In particular, the application of the algorithm here proposed is relevant in empirical works making use of unbalanced panel datasets. The presence of subjects observed for a few time occasions makes the conditional inference approach more appealing than the ML estimator, which is inconsistent with fixed T. At the same time, the proposed algorithm dramatically limits the burden of computing the conditional log-likelihood, which can be sizable even if only few subjects are observed for a long time span.

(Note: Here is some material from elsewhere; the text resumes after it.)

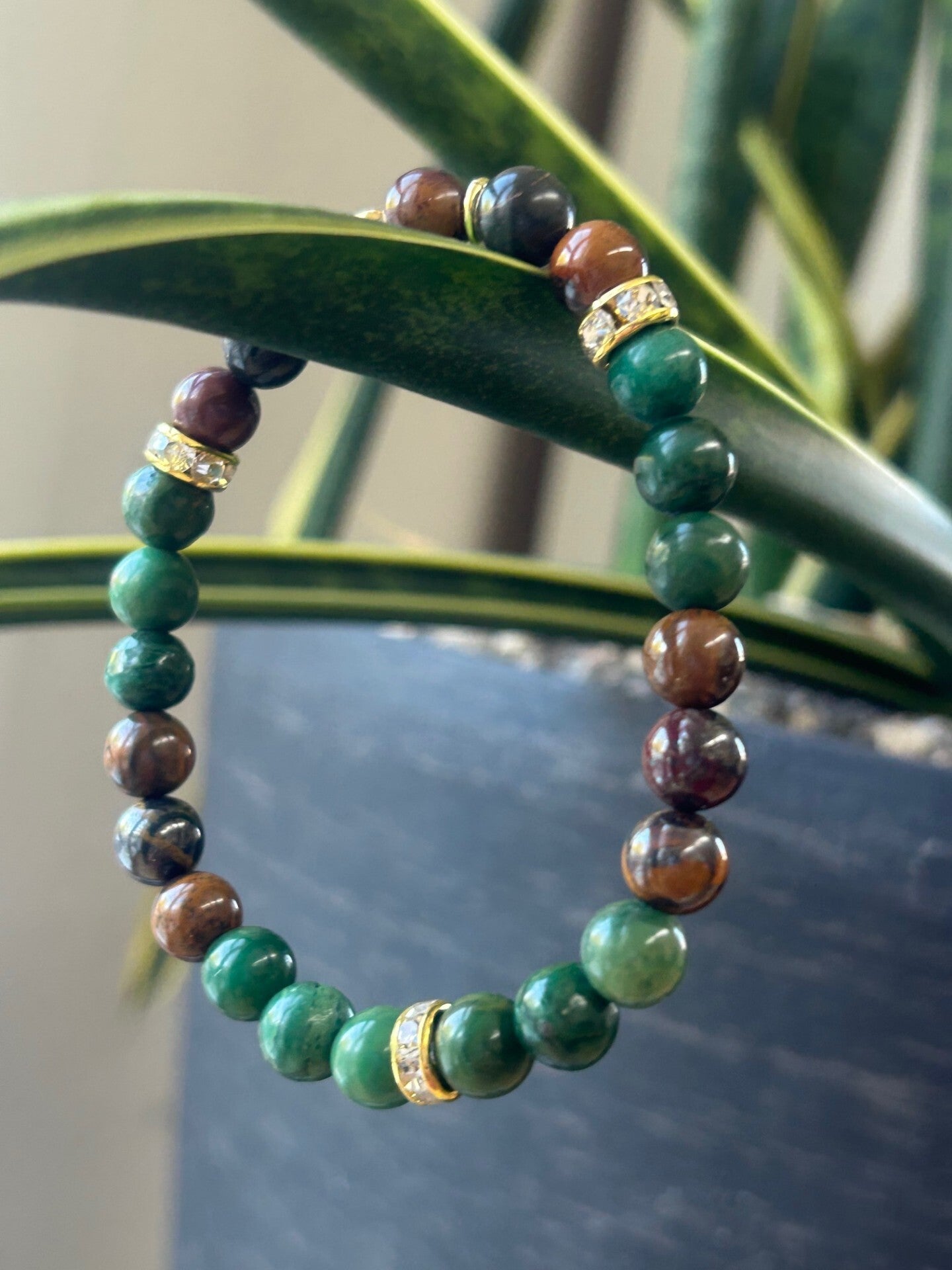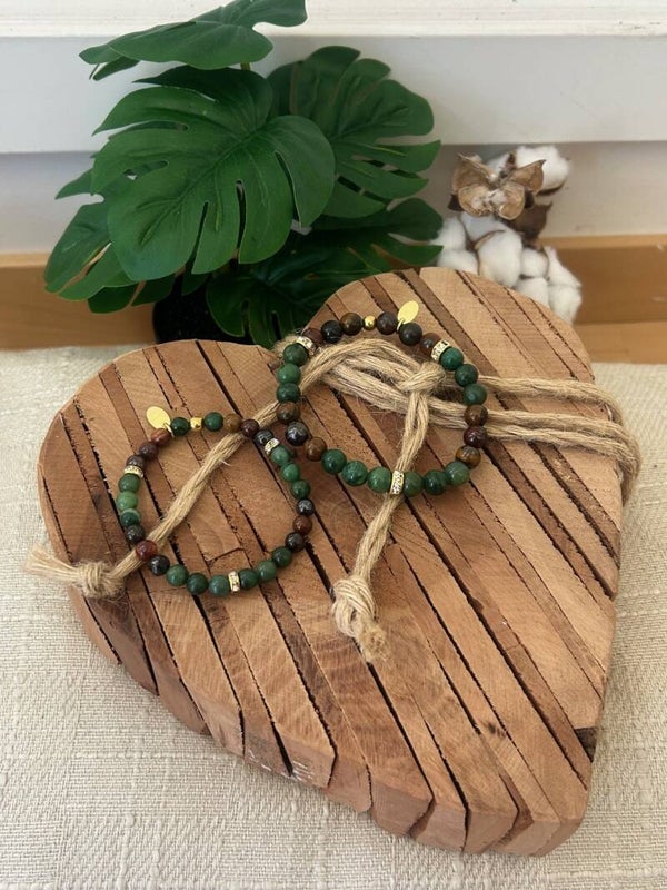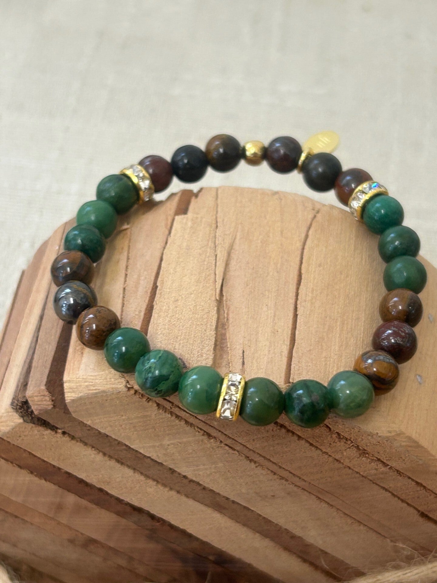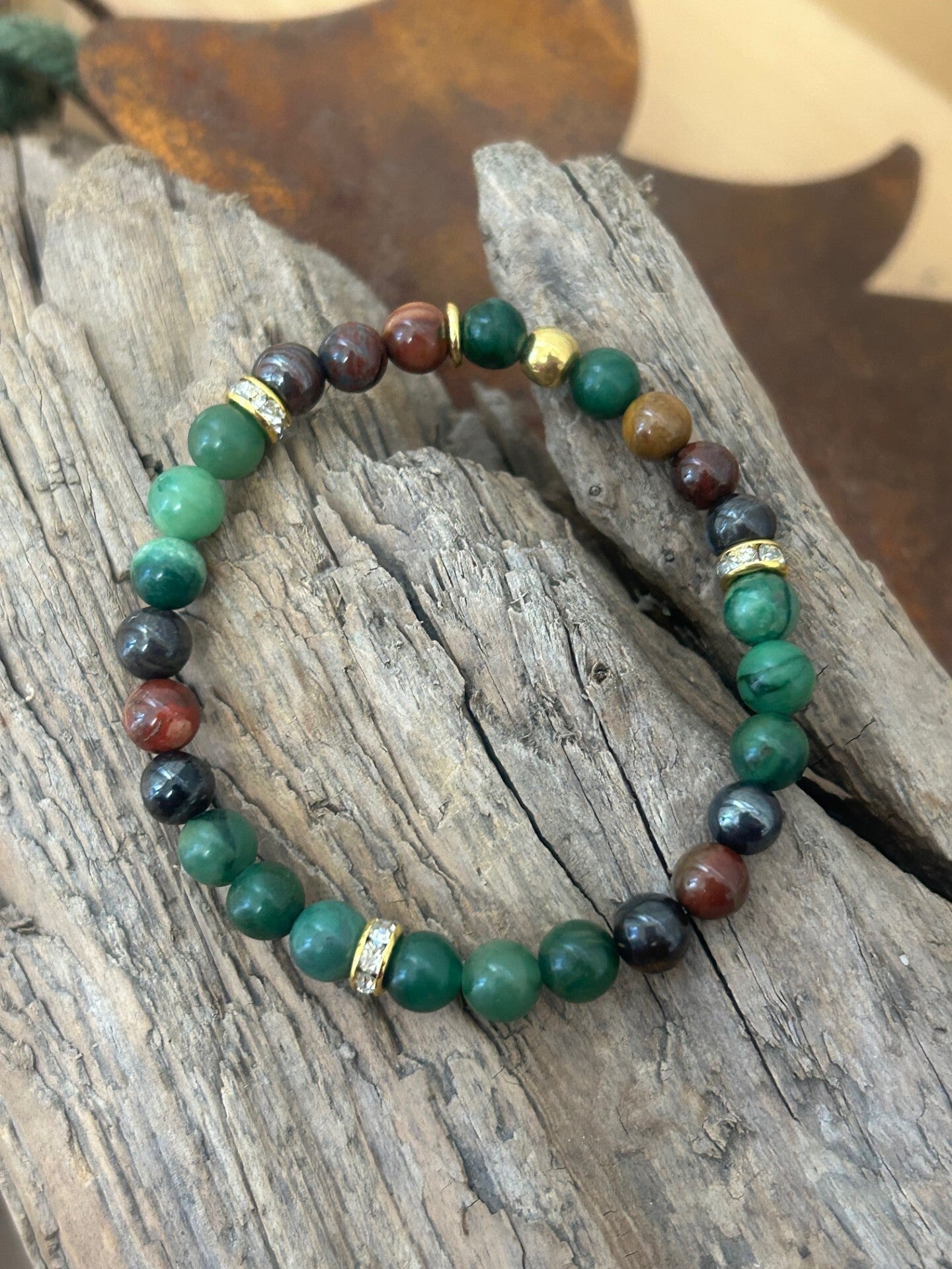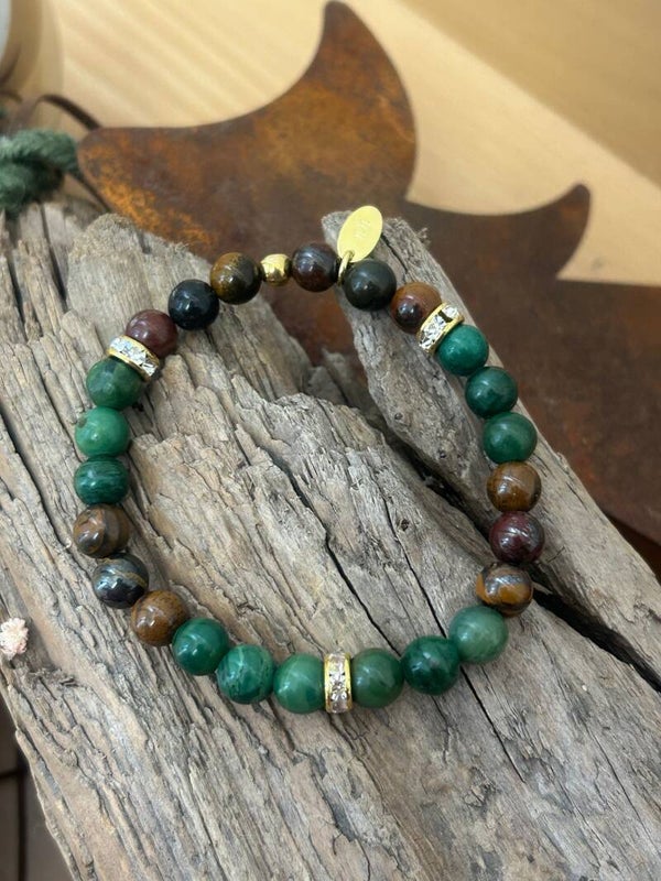 Heilsteine (Link zu Beschreibung und Wirkung): Prasem (Jade Afrika), Tigereisen

A Monte Carlo experiment shows how the proposed algorithm outperforms standard computation and it should enlarge the applicability of the considered models. In this regard, an application to real data concerning brand loyalty has been proposed with the additional interest of showing a set of results that would have been otherwise impossible, providing practitioners with a wider range of estimation tools for empirical analysis.

Finally, the conditional inference approach can be easily extended to ordered data, as a fixed-effects ordered logit model can be estimated by relying on a set of fixed-effects binary logit models, which are referred to binary variables with categories obtained from a dichotomization of the original responses (Chamberlain, 1980; Baetschmann et al., 2015).